First, piracy was a crime in the municipal law of all nations; international law merely reflected an already ubiquitous condemnation of the conduct. Second, piracy had a narrow and universally-agreed on definition; the conduct it proscribed was well understood, thus preventing conflicts between states about the propriety of universal jurisdiction. Third, all nations made piracy punishable by death. Thus universal jurisdiction would not lead to forum shopping or disputes among nations as to what punishment should be inflicted. Fourth, and perhaps most importantly, pirates were private actors who had refused the protection of their home states by failing to obtain a letter of marque. They could expect little succor from their home state, since they had turned their back on it, and thus a prosecuting nation would not expect the home state to take offense. Fifth, piracy occurred on the high seas. While this did not make traditional jurisdictional limitations moot, it did make conventional enforcement difficult, and thus universal jurisdiction might seem an attractive auxiliary to domestic prosecution. Finally, pirates indiscriminately attacked the ships of all nations, as they were not constrained by ties of national loyalty or the limitations contained in a letter of marque. Thus many maritime states had a particularly strong interest in punishing pirates because their ships could fall prey to them, and all states would be economically harmed by disruptions of international commerce.
Having thus articulated the specifics of Sosa's historical test, the Article administers it to modern human rights offenses, and finds that they do not satisfy the test.
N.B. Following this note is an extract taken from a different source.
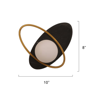 This Fun Loving Black Marble LED Wall Light is a truly beautiful piece. It is crafted using a stylish combination of brass-finished metal, black marble, and a white glass orb. This elegant LED wall light is perfect for adding a touch of sophistication to your living room, dining room, or bedroom. Its unique shape and organic texture create a modern yet warm and inviting ambiance in any space.

New CIL norms do not posses one or more of the important properties that made piracy safe for UJ and enforceable by common law. Thus providing redress for modern CIL offenses would entail profound dangers not contemplated by the First Congress they enacted the ATS with the limited purpose of allowing suits dealing with piracy, ambassadors, and safe conducts. Comparing piracy to modern international law norms reveals that new causes of action under the ATS cannot be created without abandoning the fidelity to the historical paradigms mandated by the Court. The Court in Sosa may as well have shut the door to new causes altogether, for the door that it leaves "ajar subject to vigilant doorkeeping" has nothing behind it.